Relative contraindications include:
Patients receiving prolotherapy injections have reported generally mild side effects including: mild pain and irritation at the injection site (often within 72 hours of the injection), numbness at the injection site, or mild bleeding. Pain from prolotherapy injections is temporary and is often treated with acetaminophen or in rare cases opioid medications; NSAIDs are not usually recommended, but are occasionally used in patients with pain refractory to other methods of pain control. Theoretical adverse events of prolotherapy injection include lightheadedness, allergic reactions to the agent used, bruising, infection, or nerve damage. However, allergic reactions to sodium morrhuate are rare. Rare cases of back pain, neck pain, spinal cord irritation, pneumothorax, and disc injury have been reported at a rate comparable to that of other spinal injection procedures.
Three randomized controlled trials found that prolotherapy by itself is inadequate for chronic low-back pain, but can be beneficial when used with other low back pain treatment modalities such as spinal manipulation or corticosteroid injections. These studies, however were based on treating non specific back pain, not the indicated tendonosis. They also were not provided in locations specific for the patient's pathology but rather at predetermined points.
Of the five studies we reviewed, three found that prolotherapy injections alone were not an effective treatment for chronic low-back pain and two found that a combination of prolotherapy injections, spinal manipulation, exercises, and other treatments can help chronic low-back pain and disability. Minor side effects such as increased back pain and stiffness were common but short-lived. Based on these five studies, the role of prolotherapy injections for chronic low-back pain is still not clear.

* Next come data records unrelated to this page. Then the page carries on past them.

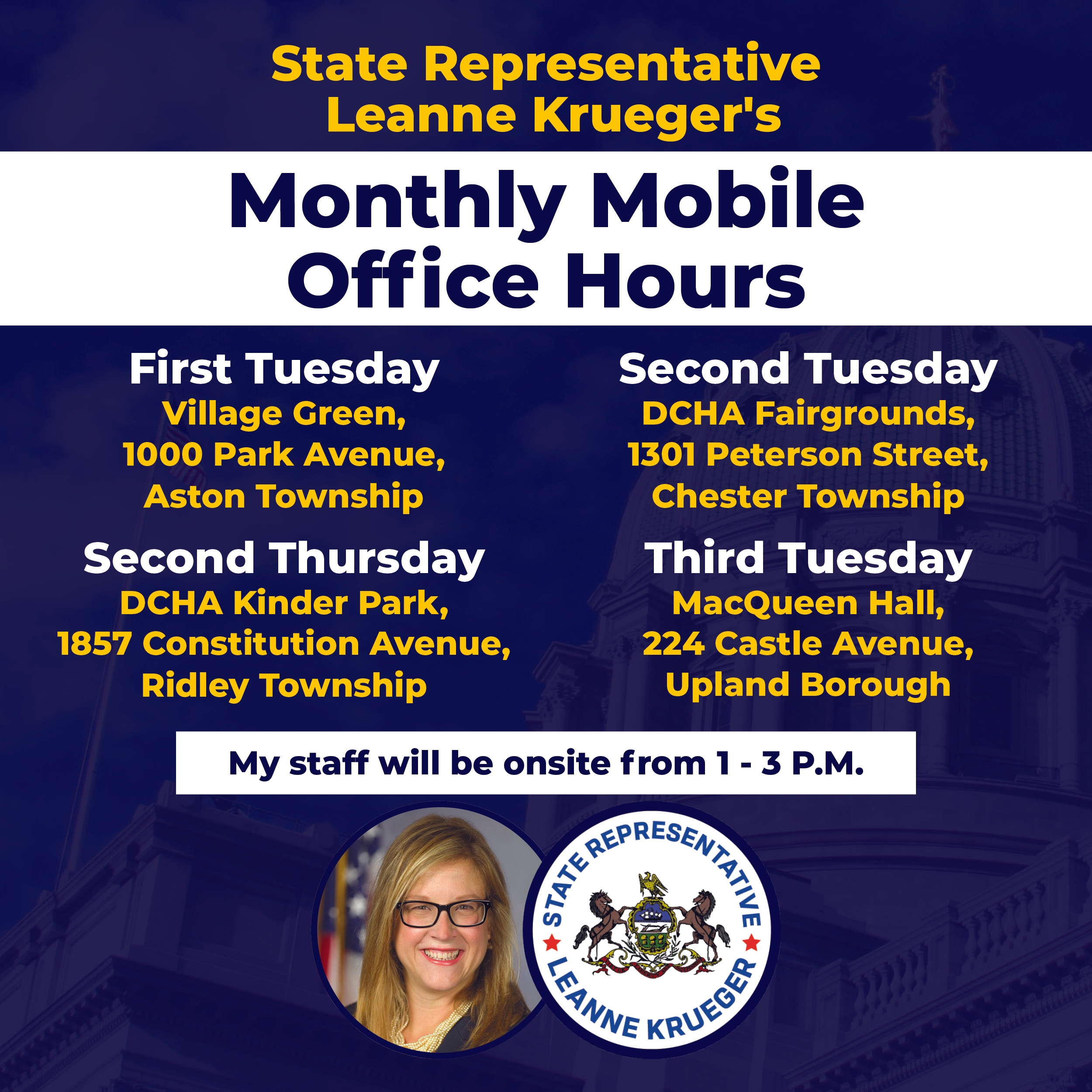 MIPC will also hold monthly office hours at the Aston Township Administration Building, located at 3264 Concord Rd., on the first Monday of each month. The next session is Monday, March 2, from 8:30 AM – 4:30 PM.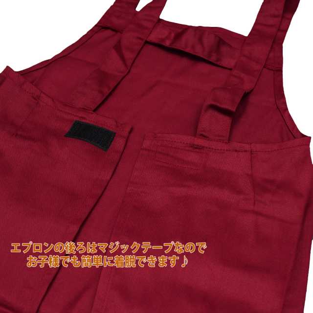エプロンの後ろ部分はマジックテープ留めなので小さなお子様でも簡単に着られます。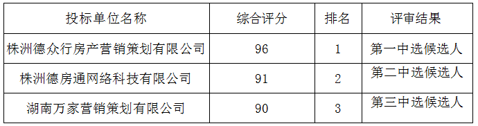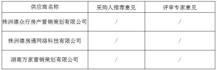 1、成交供应商名称:株洲德众行房产营销策划有限公司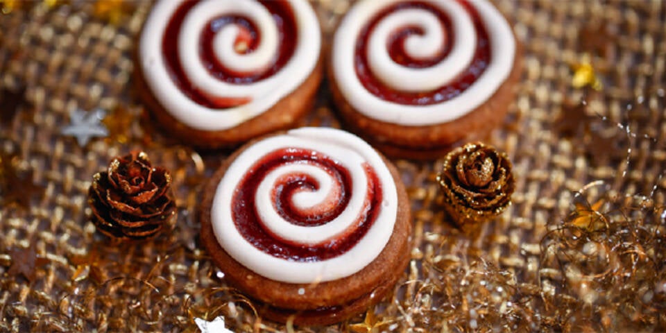 - Jeweils 2 Kekse mit Ribiselmarmelade zusammensetzen. Die Pastamasse in einen mit feiner Lochtülle bestückten Dressiersack füllen und spiralförmig aufdressieren. Im Backofen bei 140 °C für 5 Minuten trocknen, danach die Zwischenräume mit passierter Ribiselmarmelade auffüllen.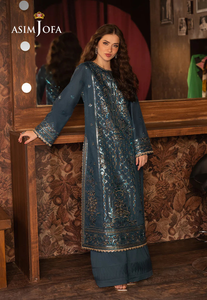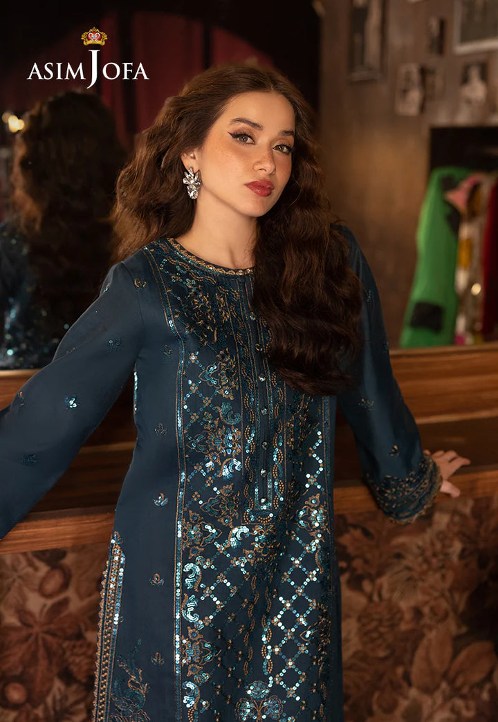 In a captivating shade of teal, this ensemble is a portrait of artistic finesse. The shirt is adorned with gorgeous embroidery featuring light gold zari that glistens with every thread, while 5mm blue sequins catch the light, adding a delicate shimmer to the design. Each detail is thoughtfully placed, creating a refined visual rhythm that feels both luxurious and contemporary. A statement of elegance and creativity, this ensemble is made for moments where style meets subtle brilliance.

More recently, a 2009 systematic review of the medical literature evaluated the efficacy of injection therapies including prolotherapy in the treatment of lateral epicondylosis. The authors concluded that the current body of evidence for prolotherapy and other injection therapies suggests that these therapies may benefit patients with lateral epicondylosis, but could not make definitive conclusions due to the limited evidence available. A 2010 systematic review concluded moderate evidence exists to support the use of prolotherapy injections in the management of pain in lateral epicondyalgia; the authors also concluded that prolotherapy was no more effective than eccentric exercise in the treatment of achilles tendinopathy.

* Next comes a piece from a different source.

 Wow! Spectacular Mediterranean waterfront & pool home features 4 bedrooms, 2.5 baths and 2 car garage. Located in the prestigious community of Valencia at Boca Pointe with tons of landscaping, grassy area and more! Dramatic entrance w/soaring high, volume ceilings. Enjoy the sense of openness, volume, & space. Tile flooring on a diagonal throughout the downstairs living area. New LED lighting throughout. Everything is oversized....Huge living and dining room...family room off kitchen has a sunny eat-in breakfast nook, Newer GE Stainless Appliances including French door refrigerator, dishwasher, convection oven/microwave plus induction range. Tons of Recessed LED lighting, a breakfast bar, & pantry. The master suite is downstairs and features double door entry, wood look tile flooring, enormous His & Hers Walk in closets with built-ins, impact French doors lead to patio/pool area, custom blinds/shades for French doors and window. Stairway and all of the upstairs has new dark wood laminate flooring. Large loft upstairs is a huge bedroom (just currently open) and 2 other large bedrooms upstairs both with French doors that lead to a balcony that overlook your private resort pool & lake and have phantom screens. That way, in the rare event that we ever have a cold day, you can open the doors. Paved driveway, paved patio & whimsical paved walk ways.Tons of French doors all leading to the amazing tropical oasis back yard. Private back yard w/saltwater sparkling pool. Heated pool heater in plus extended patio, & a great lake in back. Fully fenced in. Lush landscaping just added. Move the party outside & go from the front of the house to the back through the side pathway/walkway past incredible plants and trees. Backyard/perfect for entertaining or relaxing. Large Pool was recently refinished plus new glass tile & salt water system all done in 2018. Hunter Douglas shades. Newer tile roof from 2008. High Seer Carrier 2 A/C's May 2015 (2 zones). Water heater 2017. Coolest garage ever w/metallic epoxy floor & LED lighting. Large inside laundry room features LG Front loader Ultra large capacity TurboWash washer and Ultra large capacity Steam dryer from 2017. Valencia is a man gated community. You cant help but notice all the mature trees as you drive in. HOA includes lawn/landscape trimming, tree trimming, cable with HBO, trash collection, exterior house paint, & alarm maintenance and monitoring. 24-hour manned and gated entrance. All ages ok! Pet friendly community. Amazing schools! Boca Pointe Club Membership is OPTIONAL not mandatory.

Again in 2012, a systematic review and meta-analysis of seventeen trials studying various injection therapies including glucocorticoids, botulinum toxin, autologous blood, platelet-rich plasma, polidocanol, glycosaminoglycan, prolotherapy, and hyaluronic acid found that prolotherapy and hyaluronic acid injection therapies were more efficacious than placebo when treating lateral epicondylosis. Of the studies evaluated, one of ten glucocorticoid trials, one of five trials for autologous blood or platelet-rich plasma, one trial of polidcanol, and one trial of prolotherapy met the criteria for low risk of bias. The authors noted that few of the reviewed trials met the criteria for low risk of bias and that there is a need for more well-controlled trials.

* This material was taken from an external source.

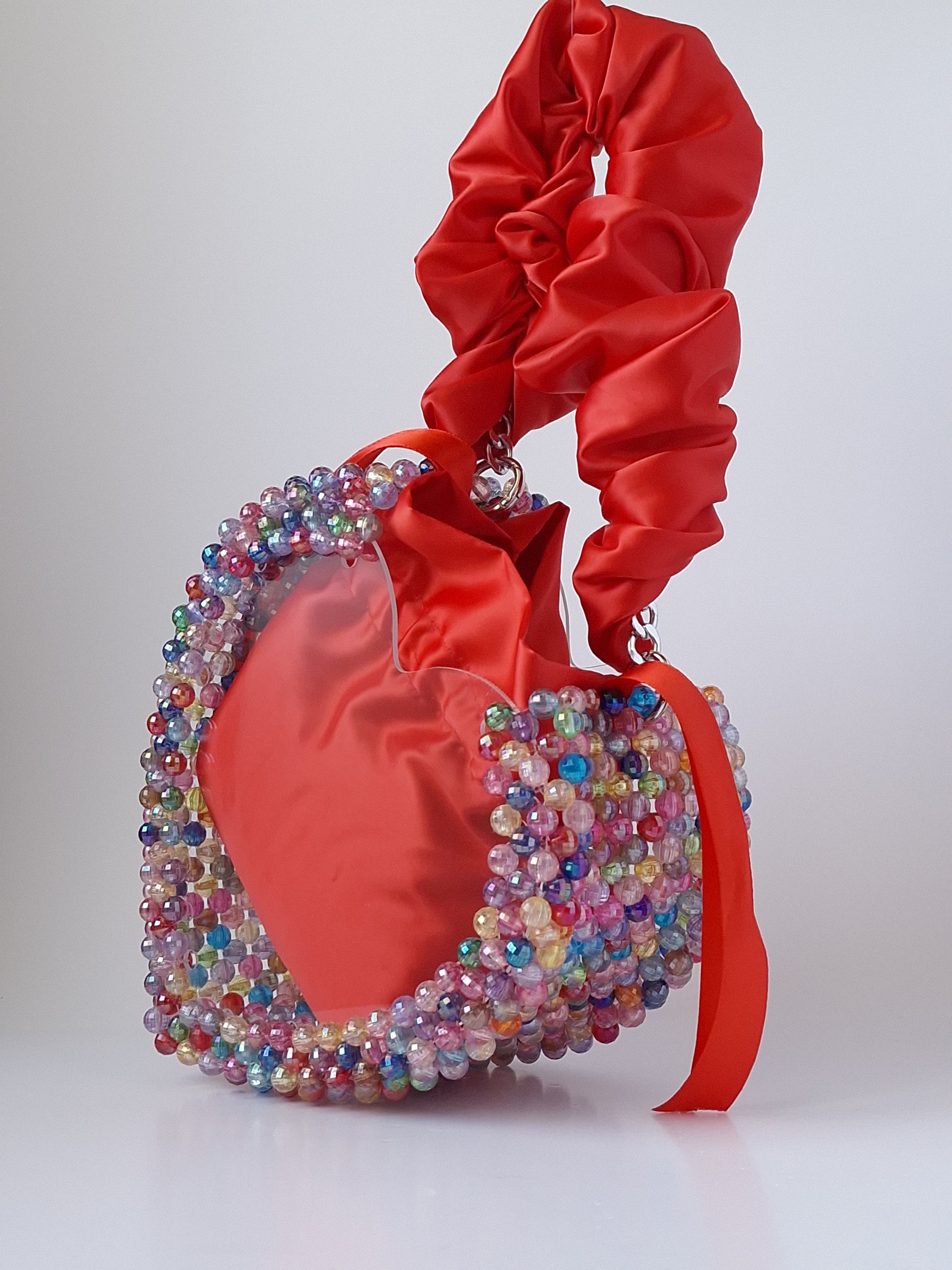 These multicolour acrylic beads feature a charming heart shape with varied liner colors, adding a unique and vibrant touch to your handbag. Crafted for durability and style, they enhance the accessory’s visual appeal while maintaining lightweight comfort. Ideal for those seeking a distinctive, expert-crafted detail in their fashion pieces.

Major medical insurance policies view prolotherapy as an investigational or experimental therapy with an inconclusive evidence base. Consequently, they currently do not provide coverage for prolotherapy procedures. Medicare reviewers in 1999 determined at that time that practitioners had not provided "any scientific evidence on which to base a [different] coverage decision," and so retained Medicare's current coverage policy to not cover prolotherapy injections for chronic low back pain, but expressed willingness to reconsider if presented with results of "further studies on the benefits of prolotherapy."